> _EXERCISE PROMPT_: Starting at the line with "Canada Goose Parka" and ending at the line with "催事スペースでは定番商品の「", print exactly the lines of the entries below. Pictures do not belong in the copy.

> _DATASET EXCERPTS_:
=== Begin Enclosure ===

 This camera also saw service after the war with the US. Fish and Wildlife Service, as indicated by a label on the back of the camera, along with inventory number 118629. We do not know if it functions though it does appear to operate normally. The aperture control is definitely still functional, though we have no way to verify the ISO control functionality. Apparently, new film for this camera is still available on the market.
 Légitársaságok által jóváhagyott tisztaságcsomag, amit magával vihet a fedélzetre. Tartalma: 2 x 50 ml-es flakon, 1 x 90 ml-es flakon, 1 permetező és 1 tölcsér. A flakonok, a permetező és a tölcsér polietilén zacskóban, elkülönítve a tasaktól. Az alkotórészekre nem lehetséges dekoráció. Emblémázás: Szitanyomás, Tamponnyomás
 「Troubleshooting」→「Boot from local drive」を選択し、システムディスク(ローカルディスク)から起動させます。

=== End Enclosure ===
=== Begin Enclosure ===

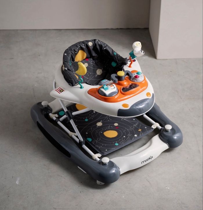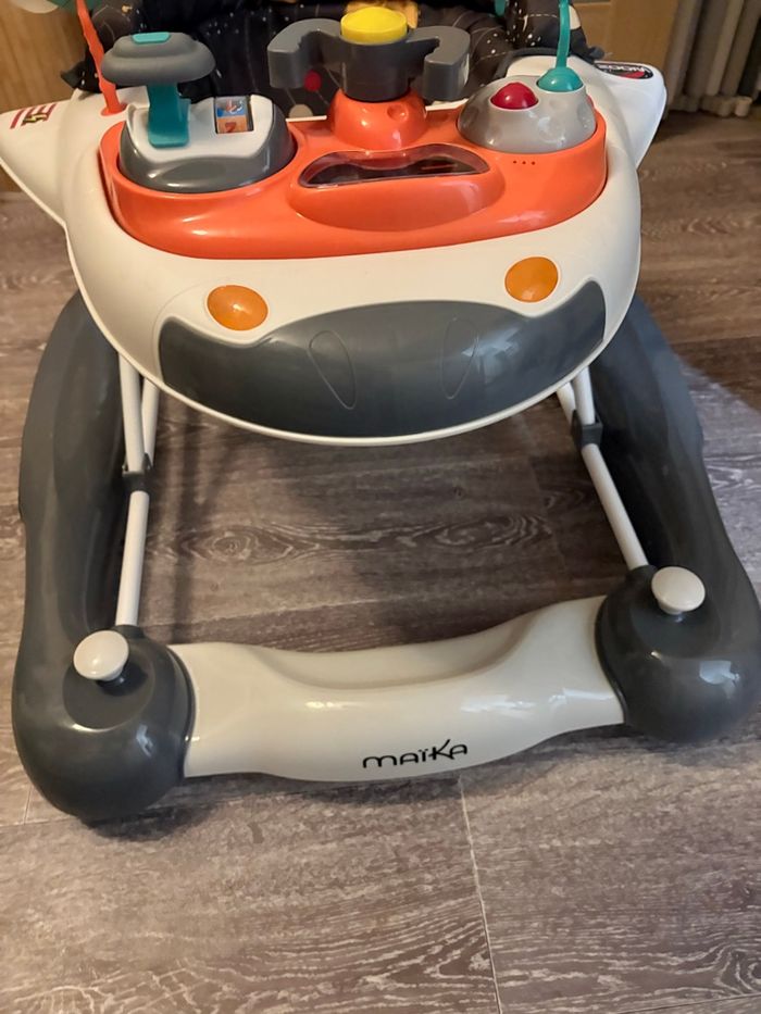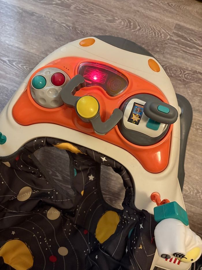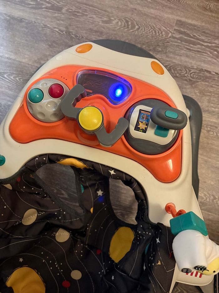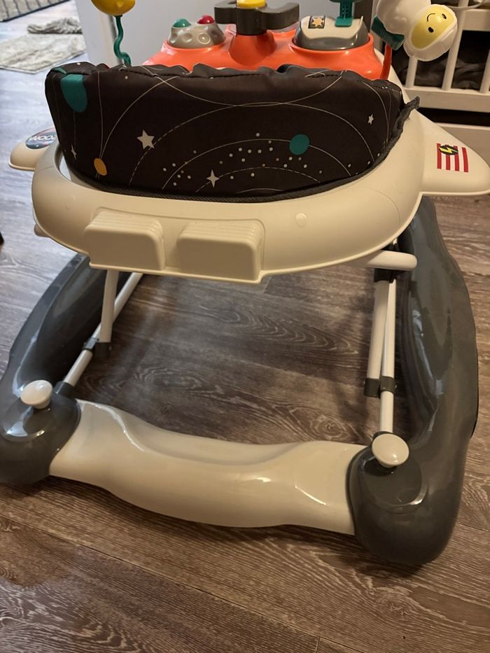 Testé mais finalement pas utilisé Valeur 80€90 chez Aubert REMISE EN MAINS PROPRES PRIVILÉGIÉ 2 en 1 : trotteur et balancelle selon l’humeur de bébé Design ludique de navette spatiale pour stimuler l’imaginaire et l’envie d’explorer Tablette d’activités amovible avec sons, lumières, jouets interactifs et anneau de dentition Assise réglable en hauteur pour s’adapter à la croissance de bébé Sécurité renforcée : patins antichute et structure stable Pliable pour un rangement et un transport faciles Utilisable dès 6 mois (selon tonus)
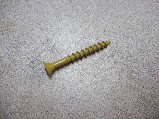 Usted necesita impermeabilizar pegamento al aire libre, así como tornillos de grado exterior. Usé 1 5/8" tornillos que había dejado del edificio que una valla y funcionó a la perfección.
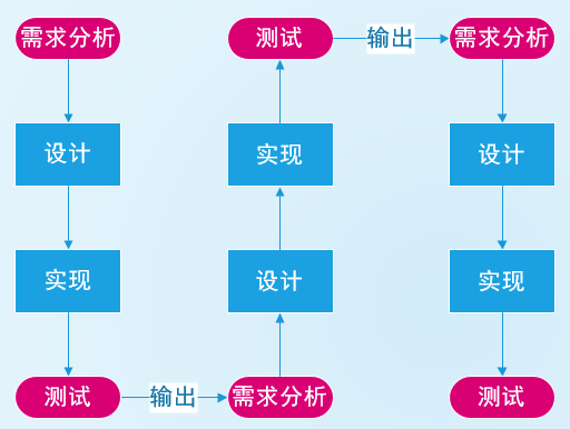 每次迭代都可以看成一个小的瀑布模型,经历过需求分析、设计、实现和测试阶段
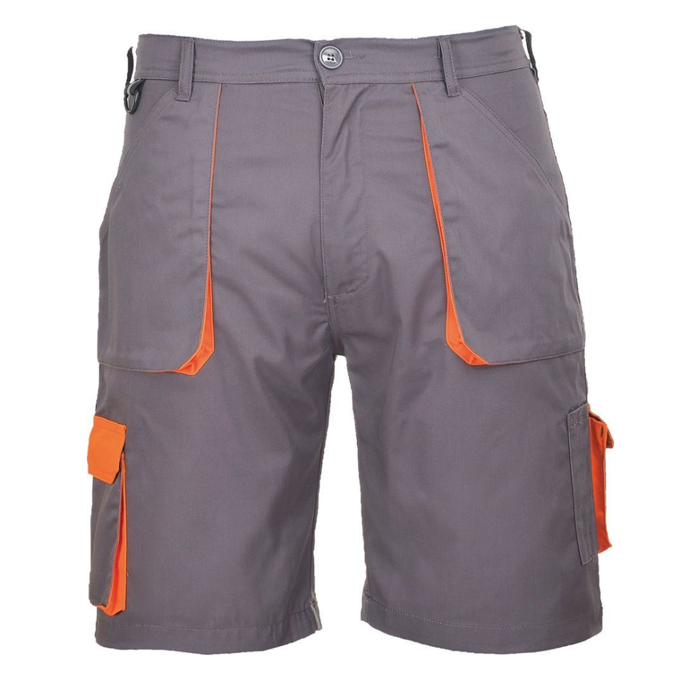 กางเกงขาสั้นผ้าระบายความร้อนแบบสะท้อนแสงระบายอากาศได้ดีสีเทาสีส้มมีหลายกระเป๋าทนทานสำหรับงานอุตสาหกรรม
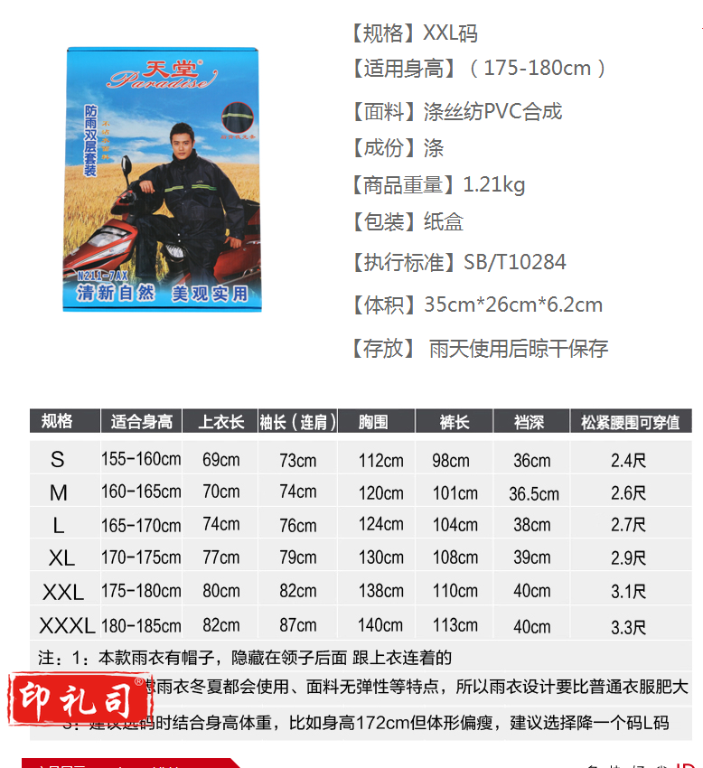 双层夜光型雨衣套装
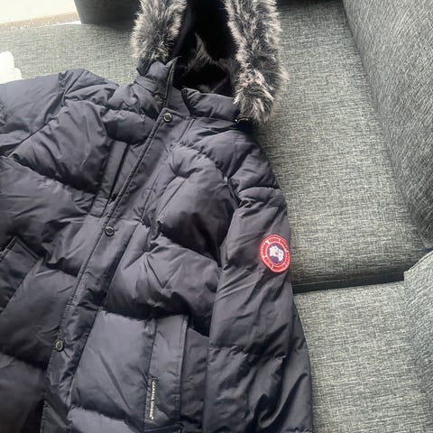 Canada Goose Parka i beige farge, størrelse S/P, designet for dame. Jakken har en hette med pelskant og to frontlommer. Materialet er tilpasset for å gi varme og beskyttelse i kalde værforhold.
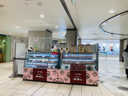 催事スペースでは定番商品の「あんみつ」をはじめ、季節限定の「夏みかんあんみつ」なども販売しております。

=== End Enclosure ===
=== Begin Enclosure ===

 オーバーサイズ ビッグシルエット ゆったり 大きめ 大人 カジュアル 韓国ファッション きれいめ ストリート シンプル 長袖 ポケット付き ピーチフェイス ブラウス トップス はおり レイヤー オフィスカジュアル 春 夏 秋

=== End Enclosure ===

> _EXERCISE SOLUTION_:
 Canada Goose Parka i beige farge, størrelse S/P, designet for dame. Jakken har en hette med pelskant og to frontlommer. Materialet er tilpasset for å gi varme og beskyttelse i kalde værforhold.
 催事スペースでは定番商品の「あんみつ」をはじめ、季節限定の「夏みかんあんみつ」なども販売しております。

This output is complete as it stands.